Polyolefins are also suitable for food packaging or roof insulation
Polypropylene is harmless, making it suitable for storing food. It is used in the production of yoghurt cups, plastic bags and cups for frozen foods. It is also suitable for producing hygienic material such as toothbrushes (using low shrinkage of polypropylene), brushes, syringes, protective masks and clothing, or just single-use children and incontinence nappies or sanitary napkins.
Rainproof vapour-permeable films can also be made from polyolefins. They are suitable for outdoor clothing and equipment, but for building roof insulation, too. Polyolefins are also used in manufacture of cold and hot water pipes, which have almost completely replaced previously produced steel pipes.
They are also used for packaging cosmetics, disinfectants and medicaments - specifically for transparent or colour-tinted vials, cartridges, buckets, bowls, dragées or applications of disinfectants and deodorants. To produce tinted containers, polymer concentrates containing colour pigments are used to produce final products in required shades.
Polyolefins enable the production of thinner fibres for solid nonwoven textile, and also the production of flexible and soft fabrics.
Advantages? They are eco-friendly and easy to process
Compared to other materials, polyolefins have many advantages:
- low production costs on raw materials and energy,
- unlike PVC, polystyrene and polycarbonate, they are eco-friendly,
- excellent mechanical properties,
- they are easily processed for a wide variety of products – e.g. fibres, foils, tubes, plates, injection,
- significantly lower density compared to other polymers such as PVC, PET, polyurethanes, polycarbonates or polystyrene,
- they are lighter than water (they float on the surface),
- their structure and properties can be varied in various ways, they can have predetermined strength, stiffness, flexibility or temperature resistance.
Development of new types of polyolefins at the Polymer Institute Brno
Researchers at the Polymer Institute Brno, which is part of Unipetrol, are engaged in the development of new types of polyolefins with unique properties that allow further applications.

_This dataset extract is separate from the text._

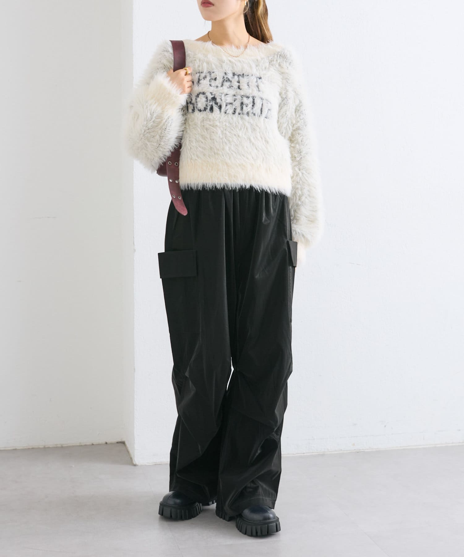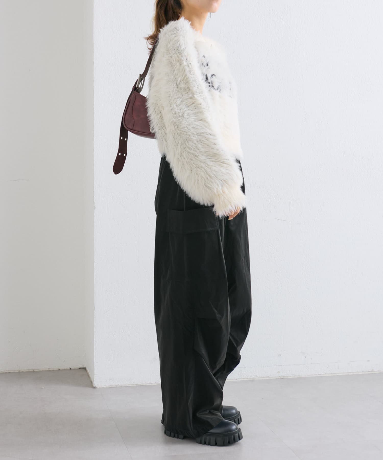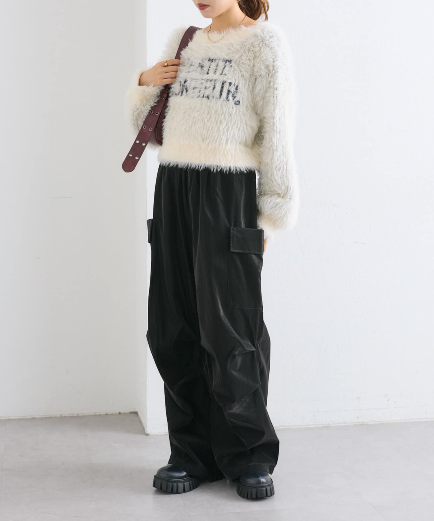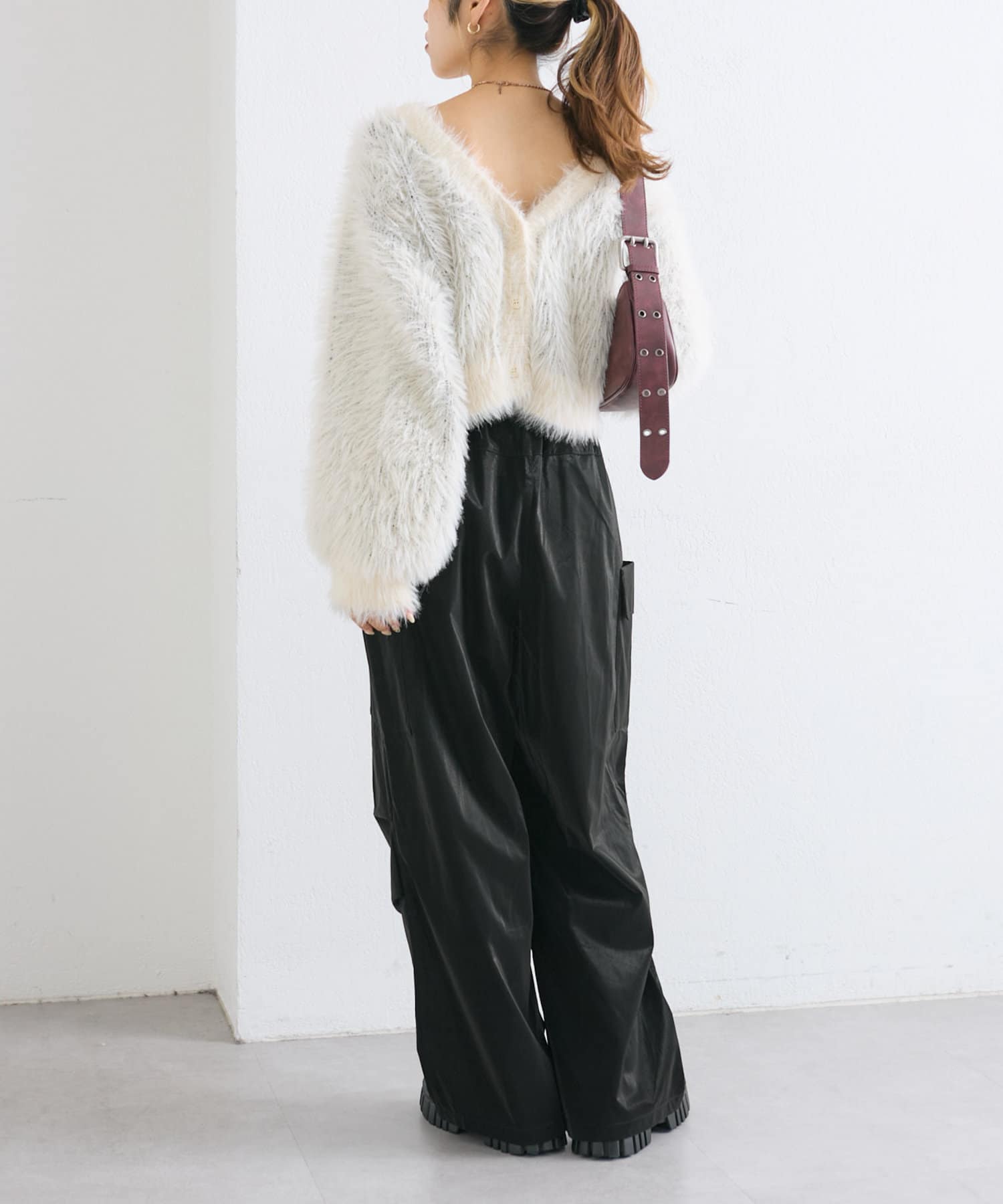 落ち感のあるレザーライクの生地がクールなカーゴパンツ

"We have several goals. Firstly, the improvement of polyolefin production technology, i.e. the development of more active polymerization catalysts, the minimization of production costs, the increase in reactor performance and reliability. Secondly, improving the quality and performance of polyolefins produced, i.e. improving strength, temperature resistance, toughness, minimizing shrinkage and the like," explains Jan Kratochvíl, Head of Polypropylene Technology at the Polymer Institute Brno.
Unipetrol produces almost 300,000 tons of polypropylene Mosten per year.
Did you know that...?
- Polypropylene, like DNA, produces crystals in the form of helix? Revealing this unique structure in the 1950s "broke the natural monopoly" of synthesis of stereo-regular polymers.

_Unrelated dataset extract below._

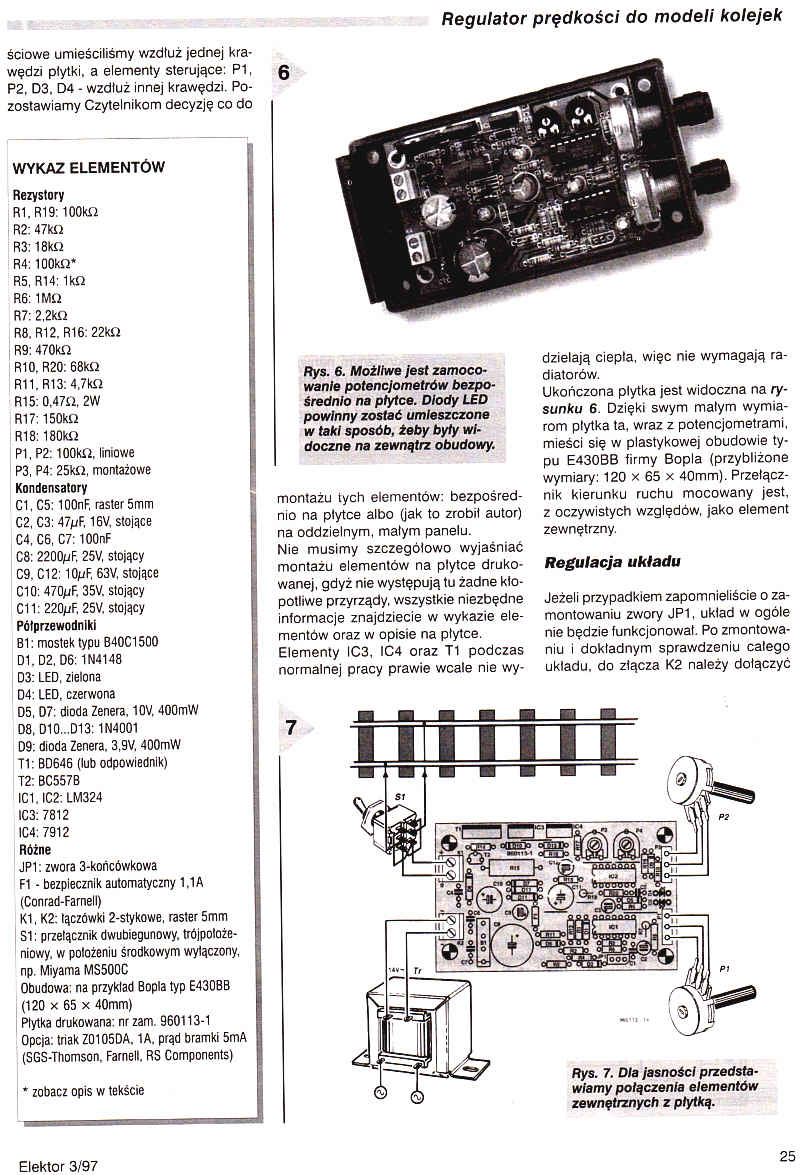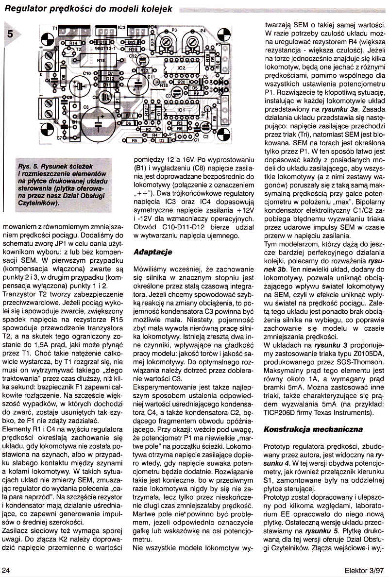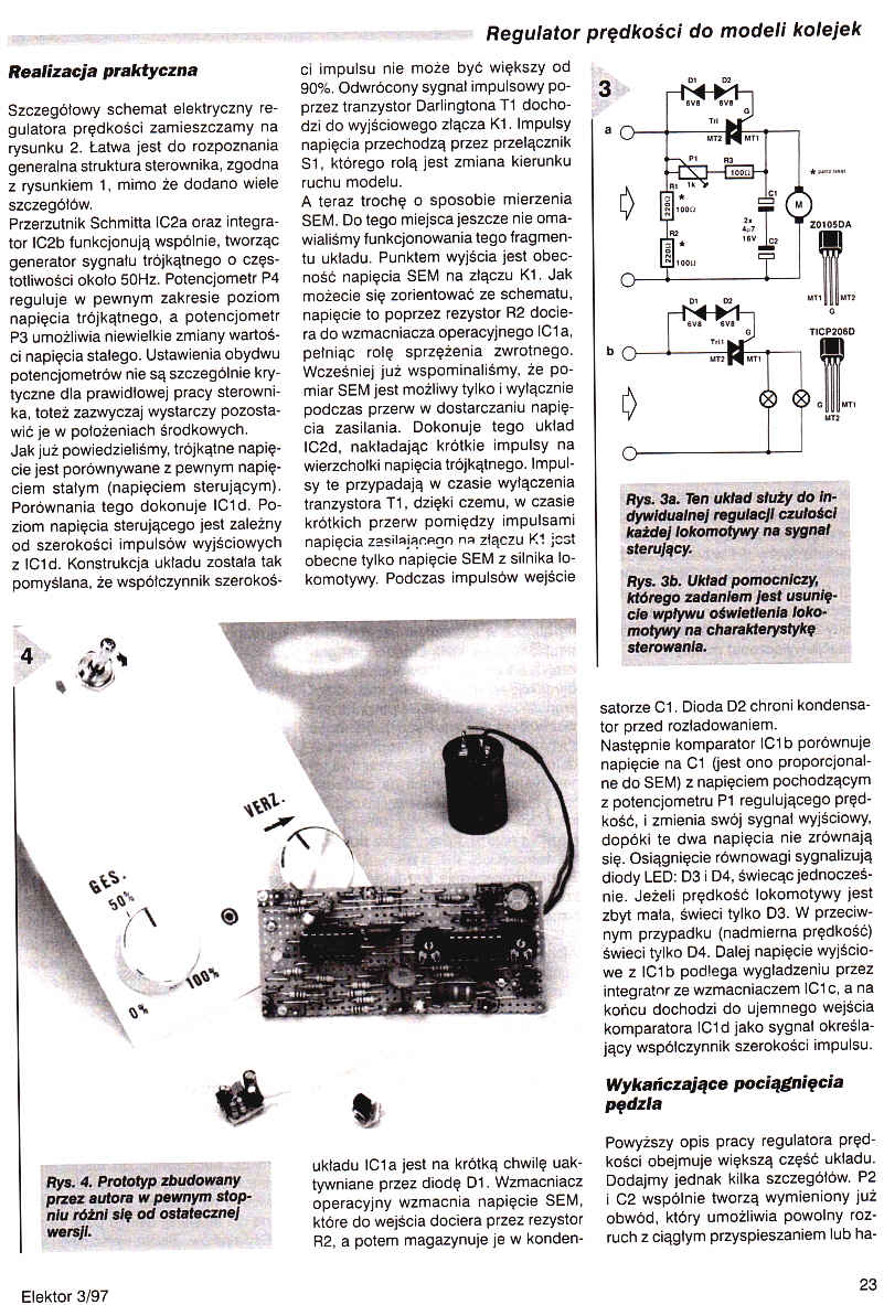 Modelarze "kolejowi" bardzo rzadko spotykają regulatory prędkości z idealną charakterystyką. W większości konstrukcji prędkość modelu jest zależna od obciążenia lokomotywki. Próby polepszenia tej denerwującej sytuacji często powodują utratę ciągu. Silnik lokomotywy w czasie pracy generuje siłę elektromotoryczną (SEM). Przedstawiamy układ, który wykorzystuje tę siłę jako sygnał korekcyjny dla systemu regulacji szerokości impulsu. W praktycznym zastosowaniu metoda ta powoduje bardzo skuteczną kompensację zmian obciążenia, a jej widocznym skutkiem jest utrzymywanie stałej prędkości z dużą dokładnością.

- Polypropylene was discovered, with the help of so-called Prof. Ziegler's catalysts, by Giulio Natta in 1954 in the Italian town of Ferrara? Since then, these catalysts have been called Ziegler-Natta catalysts.
- A typical component of these catalysts is the element of titanium, which is also a basic raw material for the aircraft and missile industry?
- Polypropylene is recyclable after sorting?
- For the discovery of polypropylene, the Nobel Prize in chemistry was awarded in 1963 to Karl Ziegler and Giulio Natta?